Here I found myself in the coldest capital in the world, drinking Samagon, the grappa of Kazakhstan, and Medevuha, Russian liqueur made from fermented honey and berries, while eating Shahslyk, the delicious local kebab, and Beshparmak, a traditional dish with pasta and kazi meat, a local “edible” horse breed. Not bad.

Just remember: do not whistle inside buildings; it means that you are broke. You are also dooming the place to an eternal low income state.

Whistle outside, in the open; if you’re lucky, you will also get to listen to “Strawberry Fields Forever”, played from retro street-pole loudspeakers outside some mall, while trying to hail a taxi at -30C. Which won’t take long. Just raise your hand, in mere seconds someone will stop and take you to your destination for a fair amount of Tenge.

Kazakhstan has been independent for 25 years, and it’s progressing fast. It was a “closed” country for a total of 100 years, first by the Chars and then the Soviets. I am here for only a few months and already have a great appreciation for Kazakhs.

These people have endured the worst, and they are still calm, proud nomads that know their tribe, their horde and seven generations of their ancestors – at least they are supposed to – most young ones, laugh when you ask them if they do. Kazakhs are at the same time very modern in their ways and I have the impression that a bright future lies ahead for their country.

Astana is a flat city in the middle of the steppe. Some nights you’d think that the steppe wind will uproot the building and nail it down on the earth. Which makes me wonder how on earth these people survived in yurts for thousands of years, wandering around the endless steppes. The movie Kelin, by the Kazakh director Ermek Tursunov, can only give a little taste of that past.

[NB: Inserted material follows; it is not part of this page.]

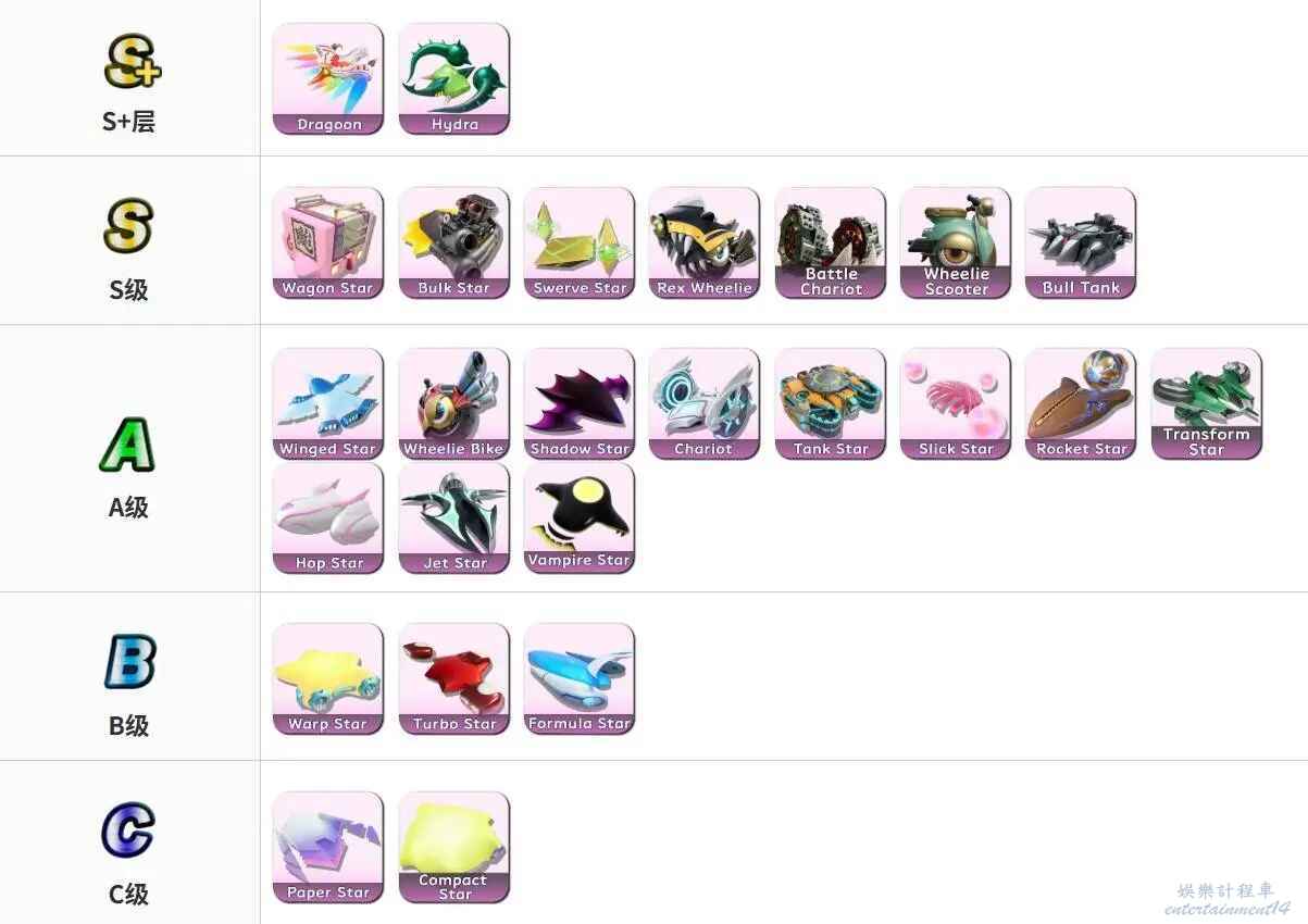 S等級:貨車星、重裝星、飄移星、霸王龍、翹輪戰車、翹輪滑板、公牛坦克
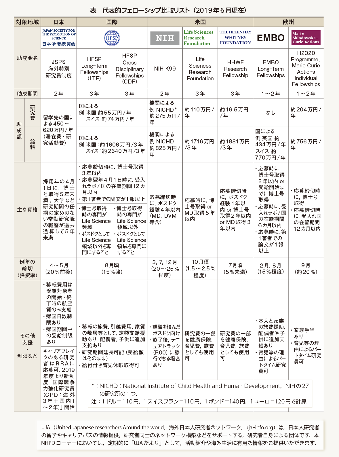 このように,留学を考えるとまず留学先候補探しに専念しがちだが,自分が留学したい国で,自分が応募できるフェローシップ情報を同時期に調べはじめるのが重要だ.しかし下調べは想像以上に大変で,詳細に気を留めていなかったばかりに,獲得後,思いがけない制限に苦労することもよくあるようだ.あらかじめ各フェローシップのメリット,デメリットを把握しておくことは必須と言える(表).国際的にも評価の高いHFSPは,生活費だけでなく研究費・移転費がつく上,子ども一人ごとの育児手当,給付産休制度等,独自のメリットが多数みられる一方で,PhD取得後3年以内,かつ専門分野を変える必要性があるなど,応募資格には留意が必要となる.その他のフェローシップについては,表とWebサイトを確認のこと.特に,応募資格,帰国制限に注意してほしい.多くの先輩方が涙を飲んできた.

In the present, this is a city of antitheses. Walk around Keruen, the city’s business center on the left bank of the Ishim river, and you will get the impression that you’ve gone back to the future. Jump in a “taxi” and go to Old Town, or to the right bank. Walk into Artyom, the local bazaar, and around it. You’ve just travelled into the past. Just remember to get a bag of Almaty “Aport” apples from Artyom – your whole house will be filled with appleness. These are the most delicious and aromatic apples in the world.

My presence in Astana has been a soul-healing process. You need to be here, in order to understand it. And now that I’ve resonated with the place – I am just waiting for the good weather to arrive. That’s when I will get my camera and start roaming around Kazakhstan – the Land of the Wanderer.